The unique dependencies for this set of environments can be installed via:

pip install pettingzoo[magent]

MAgent is a set of environments where large numbers of pixel agents in a gridworld interact in battles or other competitive scenarios. These environments were originally derived from the MAgent codebase.

Types of Environments#

All environments, except Gather, are competitive team games where agents in each team must cooperate to defeat the other team. Note that reward is allocated entirely individually.

Gather is a competitive free for all game where agents try to stay alive for as long as possible, either by gathering food or killing other agents.

Key Concepts#

  • Observation view: All agents observe a box around themselves. They see whether the coordinates are empty, contain an obstacle, or contain an agent in any of the observation channels. If an agent is on a coordinate, that entry will contain the value (agent’s HP / max agent HP).

  • Feature vector: The feature vector contains information about the agent itself, rather than its surrounding. In normal mode it contains <agent_id, action, last_reward>, in minimap mode it also contains the agent position on the map, normalized to 0-1.

  • Observation: The observation is 3D observation view concatenated with the 1D feature vector by repeating the value of the feature across an entire image channel.

  • Minimap mode: For most of the games (Battle, Battlefield, Combined Arms, Gather), the agents have access to additional global information: two density maps of the teams’ respective presences on the map that are binned and concatenated onto the agent’s observation view (concatenated in the channel dimension, axis=2). Their own absolute positions on the global map is appended to the feature vector. This feature can be turned on or off with the minimap_mode environment argument.

  • Moving and attacking: An agent can only act or move each step, so the action space is the concatenations of all possible moves and all possible attacks.

  • State *: A global observation of the environment can be retrieved by calling env.state(). The state observation space is a 3D observation of the complete map with dimensions equal to the map size. The first channel shows the walls in the map, where each element represents if the coordinate is empty or has an obstacle. Concatenated to this channel there is another pair of channels for each agent type, which sees if the coordinates contain an agent of that type bined to the value (agent’s HP/ max agent HP). If extra features are selected the respective feature vector is concatenated and bined to each agent in the observation state.
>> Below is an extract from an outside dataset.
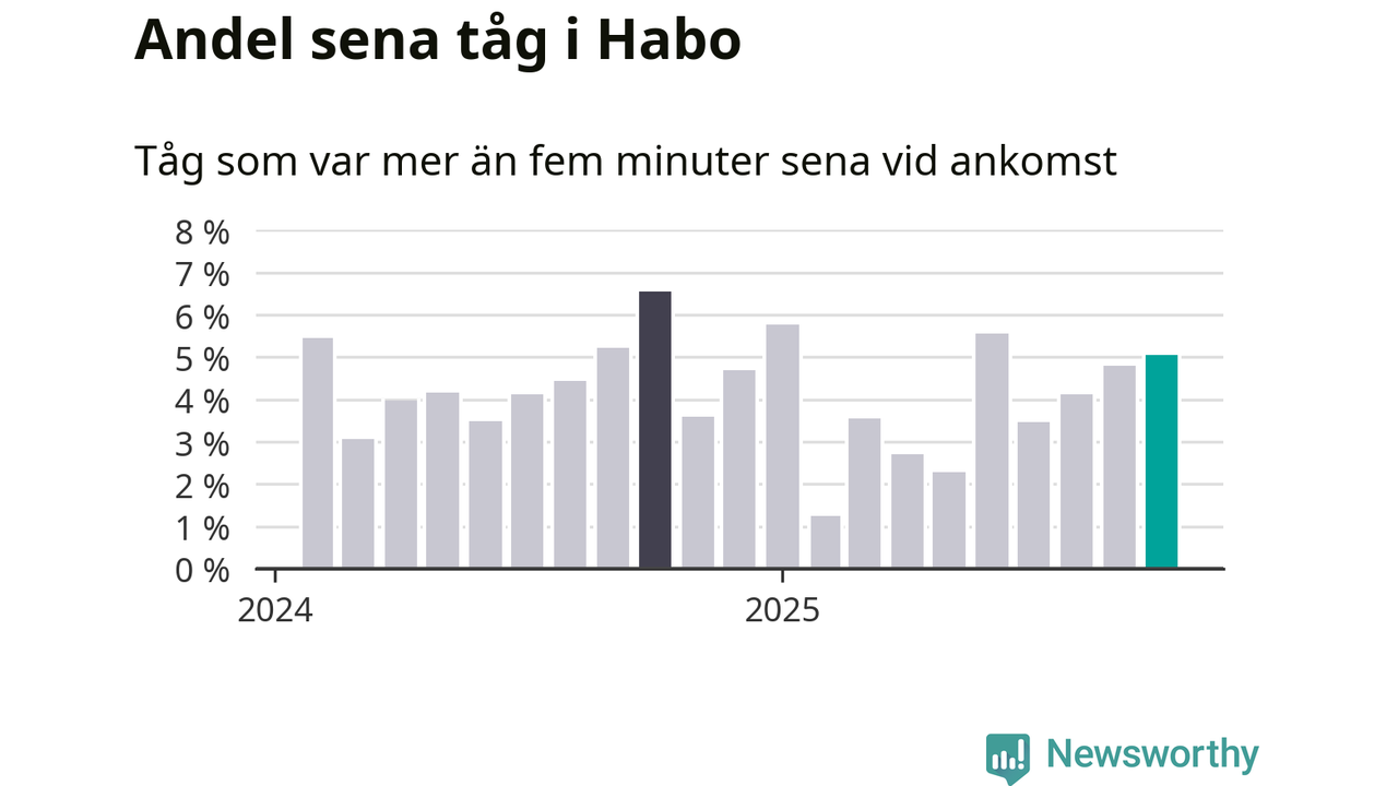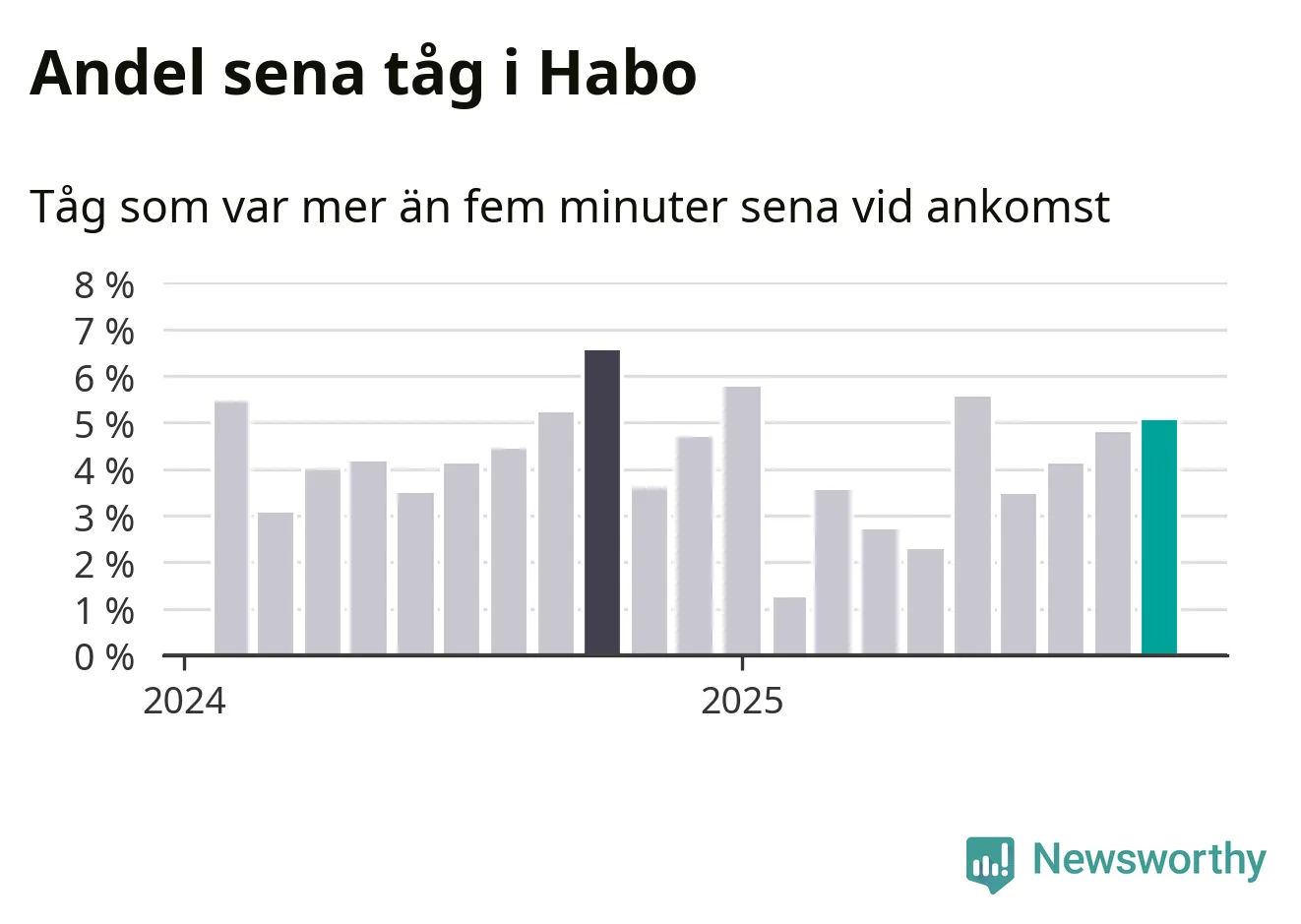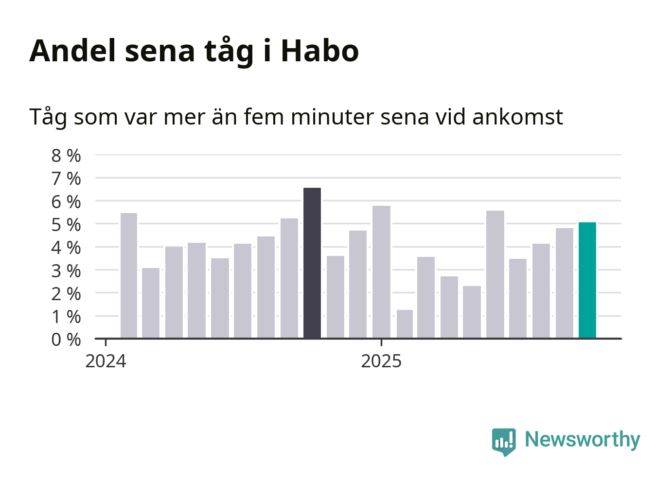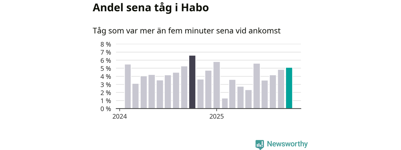 Fem procent är marginellt mer än månaden innan, och kan jämföras med sju procent i oktober 2024. Oktober är den tredje månaden i rad med ökande förseningar vid Habo station, även om skillnaden från föregående månad var liten. Siffrorna bygger på realtidsinformation om tågavgångar och ankomster från Trafikverket, som Newsworthy löpande samlar in.

The game terminates after all agents of either team have died. This means that in the battle environments, where HP heals over time instead of decays, the game will go on for a very long time with random actions.


The MAgent environments were originally created for the following work:

  author    = {Lianmin Zheng and Jiacheng Yang and Han Cai and Weinan Zhang and Jun Wang and Yong Yu},
  title     = {MAgent: {A} Many-Agent Reinforcement Learning Platform for Artificial Collective Intelligence},
  journal   = {CoRR},
  volume    = {abs/1712.00600},
  year      = {2017},
  url       = {},
  eprint    = {1712.00600},

Please cite this paper if you use these environments in your research.